The ones at the top of the board, especially on the first challenge not only had to have a good algorithm, but also had to get lucky. And of course if you submit too many times to get just as lucky as they did, they ban you. Stupid contest.
>PS: And the kicker? Claude wrote this entire article too. I just provided the direction and feedback. The AI that helped me solve the Berghain Challenge also helped me tell you about it.
Sorry, will move it up. For me it was, hey let’s loop it once more over the repo and let it write about it, more like an archeological dig to unearth the process, as I wasn’t involved in it, especially not algo decisions and later optimizations.
It’s funny, I immediately thought it was LLM but I was fairly confident it was ChatGPT. I suppose the styles are converging more than I thought: too long, lists, “not just x it’s y”, “here’s the X”…
The process was confusing. It took for sure at least 100 sessions, haven’t checked the logs, was running it in a VM. And every time it tries to build something while forgetting all of it and then reconstructing bits and pieces just to continue. The article was written at least over 3 context lengths. But it does reconstructs well the iteration on the side of an AI agent.
I mean, it only takes a few paragraphs of filler text, hyperbole, "catchy" juxtapositions, and loose logical threads to raise suspicions.
But yeah, I would also like these two minutes of my life back.
Well, as someone who has also generated some text with LLMs, at least I learned that it's still possible to generate truly excruciating stuff with the "right" model and prompt.
Wow. I thought the tone of TFA was infuriating. Now I know why (I quit in disgust before reaching the end where he clarifies this).
I guess AI-slop in writing will be the norm now.
(I wonder if Claude repeatedly quoting itself saying "you're absolutely right!" was edited in by the human author, or yet another case of unintentional humor).
No reason, all fine.

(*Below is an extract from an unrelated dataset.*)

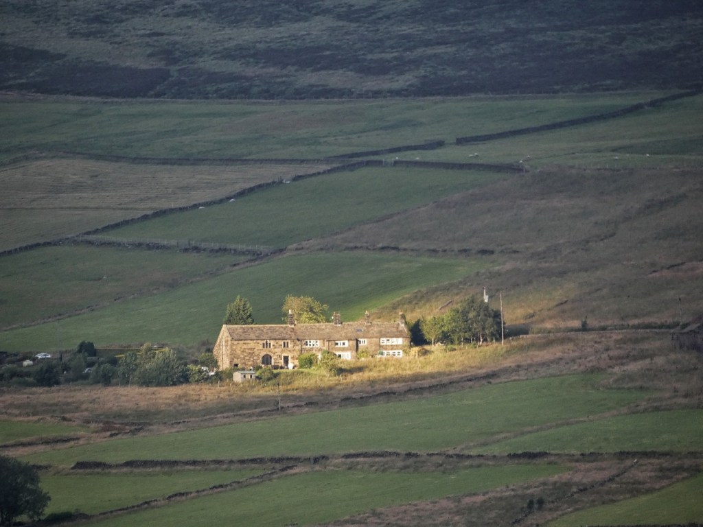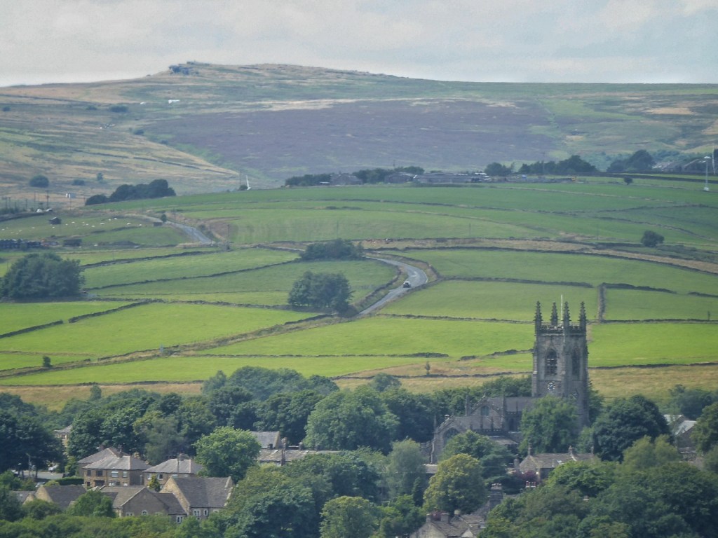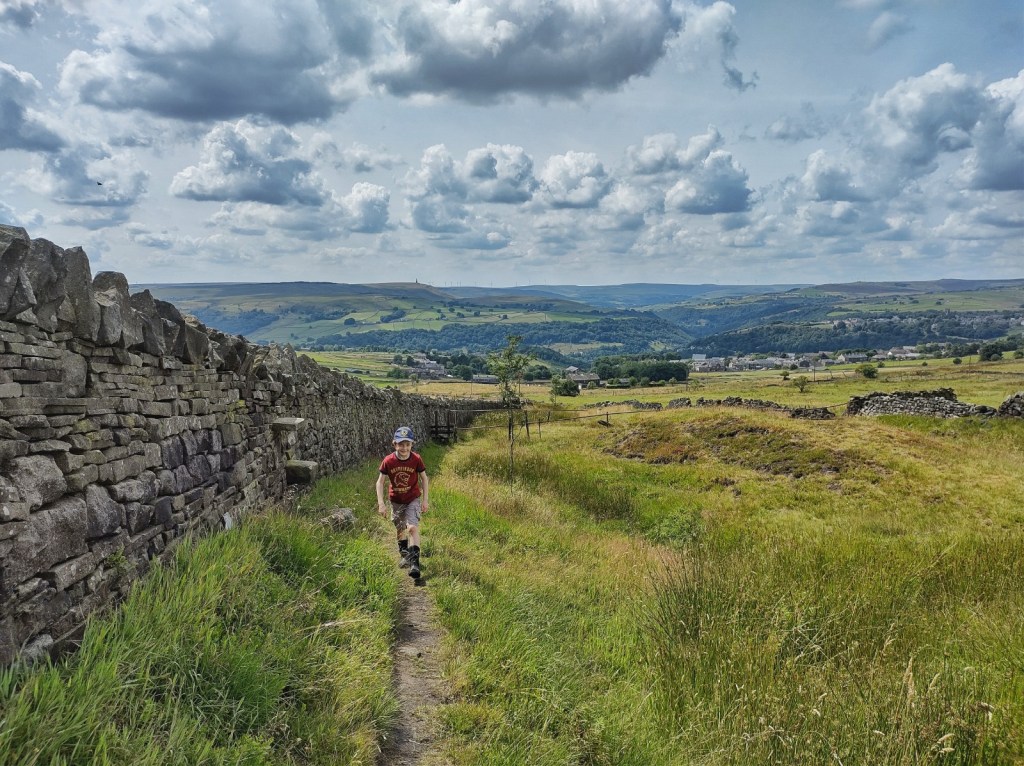 Wadsworth | Up through Nutclough Woods and out into a greener landscape that has slaked a little of its thirst with a few days of blessed rain since the heatwave, not something many regions were gifted. The wide, overgrown Keelam Lane delivers us to the moor, where the topmost intake wall is fringed with a bounty of bilberries, which my son devours with the studied commitment this tiny fruit demands. Only a red kite sailing overhead, its forked tail pivoting as it finely adjusts itself on the thermals rising from Old Hold Edge, can distract him from his task. Until, that is, Ed comes striding past, crook in hand, dog working hard beside him in the heat, gathering a flock of Lonk sheep off the moor. Lonk are the traditional local breed, and Ed and his wife Laura, together with knitwear designer Nic Corrigan and British wool expert Dr Zoe Fletcher, are working together under the brand Wool Circle to create traceable Yorkshire yarn from this now rare breed and redeem something from the bewildering situation of British wool being worth next to nothing for farmers. Once he has penned the flock in his field we stride back to his pickup with him, talking of the innovative business model they are developing, how they have recently taken on another local rare breed, the Whitefaced Woodlland, the difficulty of renting scattered parcels of land and the uncertainty around the new Environmental Land Management Schemes. He issues an invitation to visit as he races off to see to a calf. We carry on along the swells of the moor, behind Old Hold farmhouse which floats free on the moorland sea on its unusual island of fields untethered to the main body of enclosures, before stepping ashore again. A pigeon clatters from a wood, followed by a kestrel, which had presumably spooked, if not threatened, it. We stalk the kestrel for some time as it shifts from telegraph wire to pole and back to wire in the blaze of the lunchtime sun, before being pursued ourselves by cattle as we cross a rough pasture from one lane to another. Old Laithe Lane, though, proves worth the gauntlet we just ran, with the richest harvest of bilberries we have yet seen this summer. He sets about reaping and further blackening his hands, lips and tongue, giving me time to look about and spy, in a far, moorland-abutting pasture, the first ever Belted Galloway cattle I have seen in these parts. Another rare breed now becoming popular with farmers looking to move away from competing in mainstream commercial markets, as well as for ‘conservation grazing’ on nature reserves. I wonder whose these are. The Old Town Post Office cafe is abuzz with England’s win over Sweden in the Women’s Euro semi-finals last night – in the time we sat there with our brownies, three separate customers, while ordering at the counter, enact spirited imitations of Russo’s sensational backheel goal, which must have been slightly sore for one of the women serving them, who it turned out had actually been at the game but at the wrong end of the pitch to see the already-legendary move. After descending back to Nutclough, then re-ascending to the cafe to retrieve my son’s Harry Potter magic wand and bemusing a dry stone waller as we pass him three times in quick succession, we drop back down the hill, on the way stopping by the Birchcliffe Centre to collect my haymaking books from Francesca and having a chat with the author Amy Liptrot about swifts and summer. Finally, we pop into the Town Hall to see Will Lake‘s marvellous exhibition of landscape photographs of the Lakes, Morecambe Bay and our own Calder Valley. We chat and find much in common with our love of this landscape and its fleeting light and shadow, which he captures in a way I can only aspire to.

Honestly, it is very hard to find time to write anything down and imagine 15k words deep analysis of the process like this. And LLMs are ideal log keepers. I also did bunch of similar experiments like doing a research paper from data to code and writing. We can only expect things to get better from here.

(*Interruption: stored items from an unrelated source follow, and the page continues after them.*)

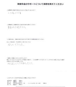 障害年金のサポートについて感想を教えてください。
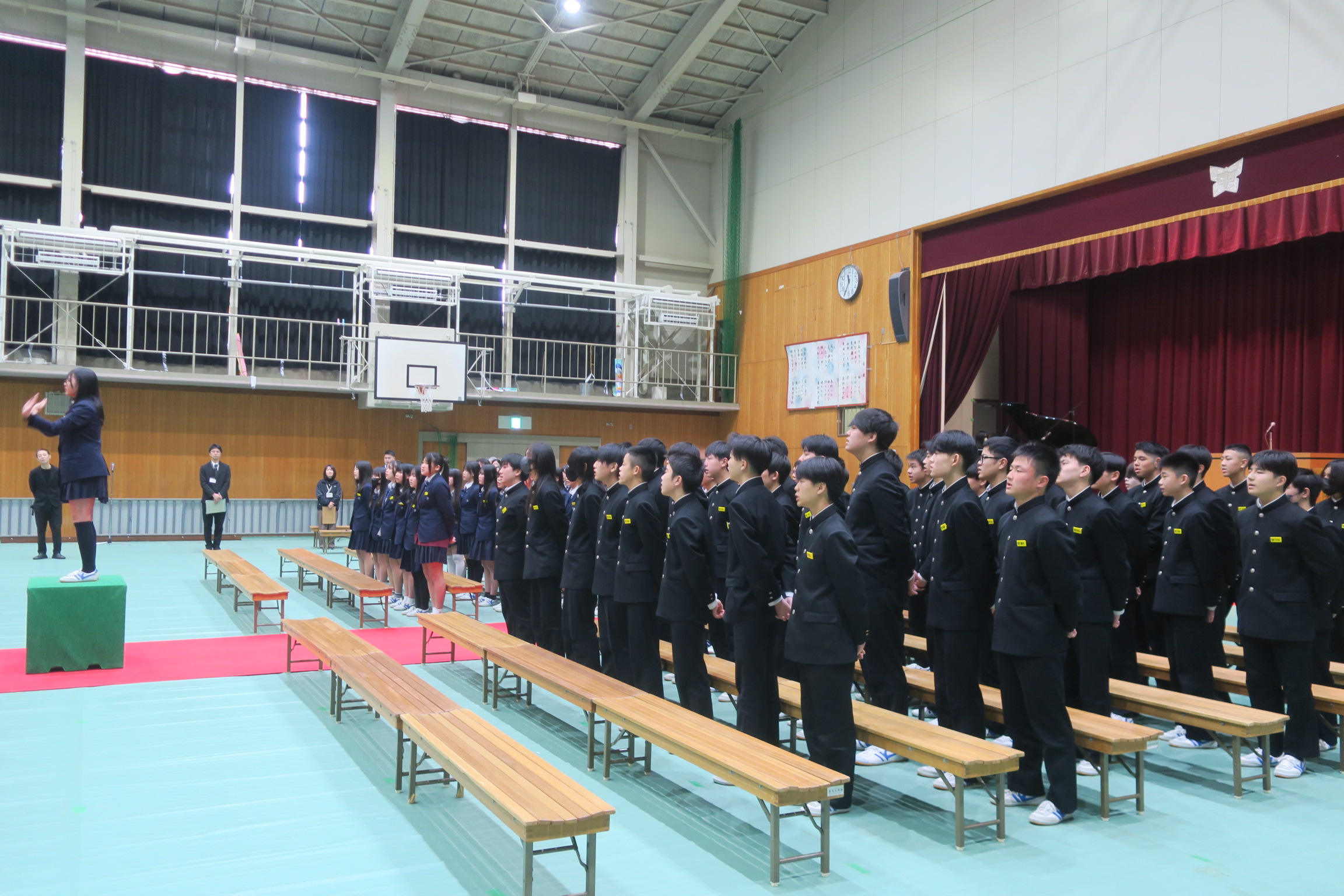 今日の3・4時間目に、明日の卒業式に向けた予行練習を行いました。当日の流れに沿って、3年生の入場から練習が始まりました。入場の後、開式のことば、国歌斉唱、卒業証書授与、校長式辞、来賓紹介・祝電披露、送辞、卒業生の歌と答辞、全校合唱「旅立ちの日に」、閉式のことば、そして3年生退場へと続きました。3年生は終始集中しており、一つひとつの動きがそろい、良い緊張感が体育館全体に漂っていました。3年生の姿を見た1・2年生も、引き締まった表情で予行に臨んでいました。3年生が歌う『正解』は、昨日よりもさらに完成度が高まり、力強さと美しさが増していました。「校歌」も「旅立ちの日に」も、3学年がそろって歌うと体育館に響き渡る大きなボリュームとなり、心に残る歌声でした。
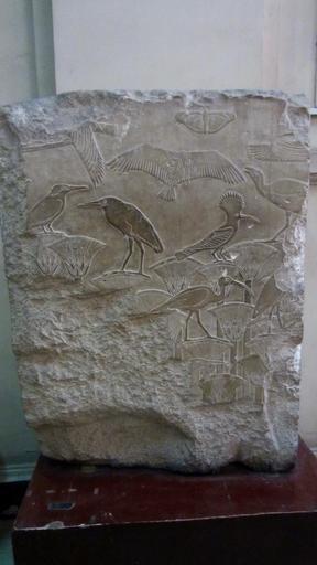 | Keywords: Papyrus thicket relief.JPG en Relief from the pyramid temple of Userkaf now in the Egyptian Museum of Antiquities in Cairo The scene includes a butterfly and a variety of birds a hovering pied kingfisher a green kingfisher facing a grey heron a hoopoe facing a purple water-hen a sacred ibis ¦ and in the lowest part the head of a bittern The Egyptian Museum in Cairo by Abeer el-Shahawy 2005 The relief would have been part of a hunting scene symbolizing the king's role as the establisher of order The life in the papyrus thicket may also allude to the role of the sun god Ra in creating life on earth Fifth Dynasty 25th century BC 2015-12-31 02 58 26 own A Parrot other versions 30 02 51 3 N 31 14 1 2 E CC-0 Userkaf Uploaded with UploadWizard |
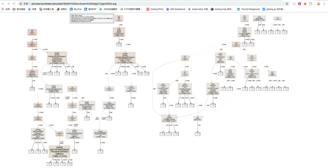 上一次优化只是简单的观察解决了goroutine泄漏的问题,这次要从程序运行过程中分配的堆内存查起。查看运行时间内堆上累计分配的内存,具体命令是:go tool pprof -alloc_space -cum http://localhost:port/debug/pprof/heap,使用-cum是累计函数调用栈的堆分配大小,图形会将调用栈很大的路线加粗标识出来。
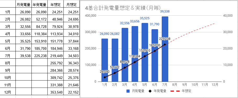 4基の7月発電量は、39,538kwhに達し、7月想定を5,035kwh上廻り想定の115%になりました。また、5月発電量と比べても113%に達しました。(^^♪
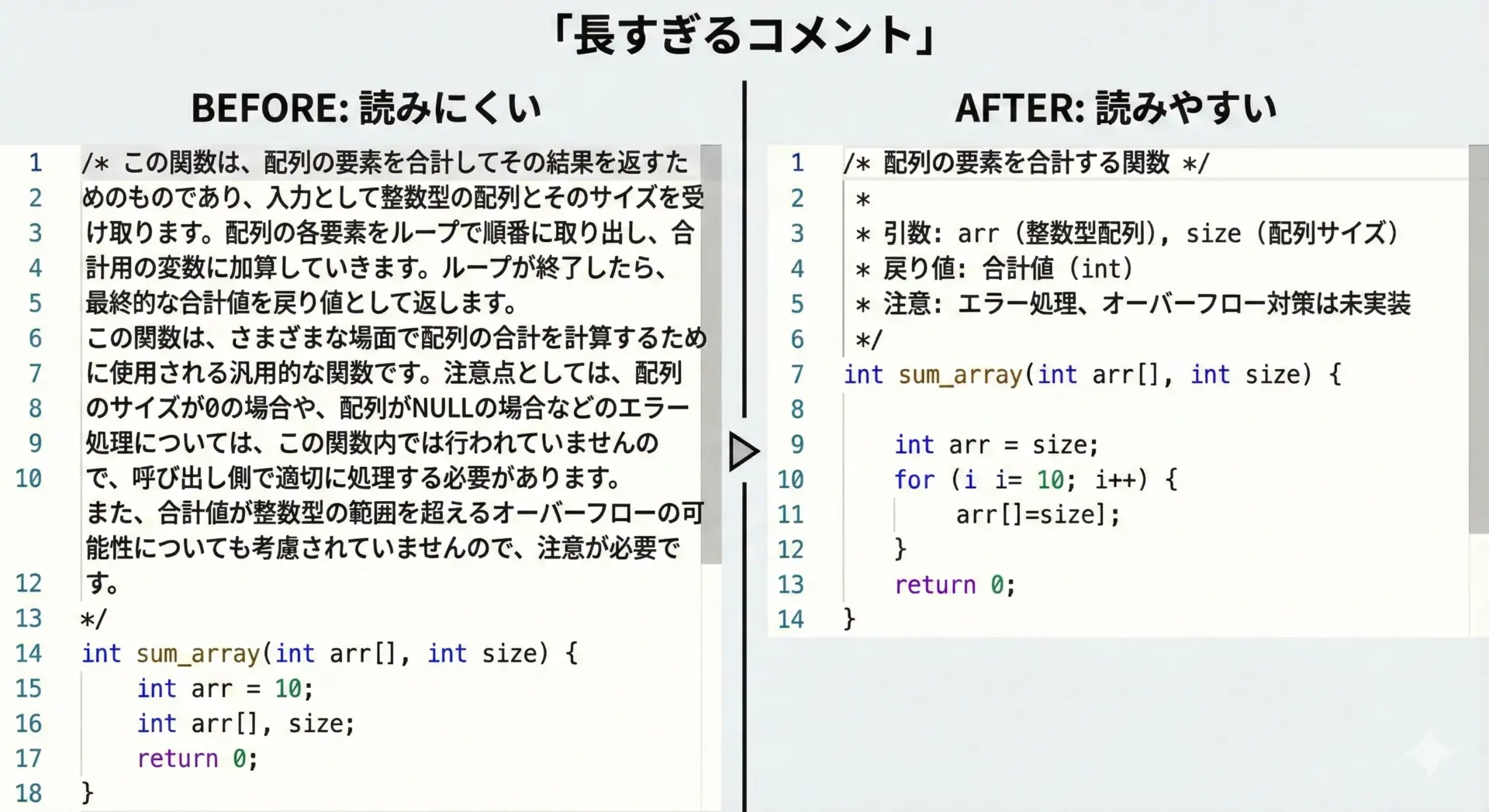 行レベルのコメントは、本当に必要な場合に限るのがポイントです。

That should be moved toward the top, will do it manually. This was 98% loop, albeit very messy one. More an exploration of the process itself. The biggest value is the meta learning. Ideally we should save traces of prompts and process itself as a verifiable or observable artifact, instead of code itself. At the end of the day, outcome over code.
It was. The author admits at the end Claude wrote the entire article.
Note the self-parodic humor in Claude quoting itself saying "you're absolutely right!". The author claims they didn't direct this, it truly is how Claude "sees" itself!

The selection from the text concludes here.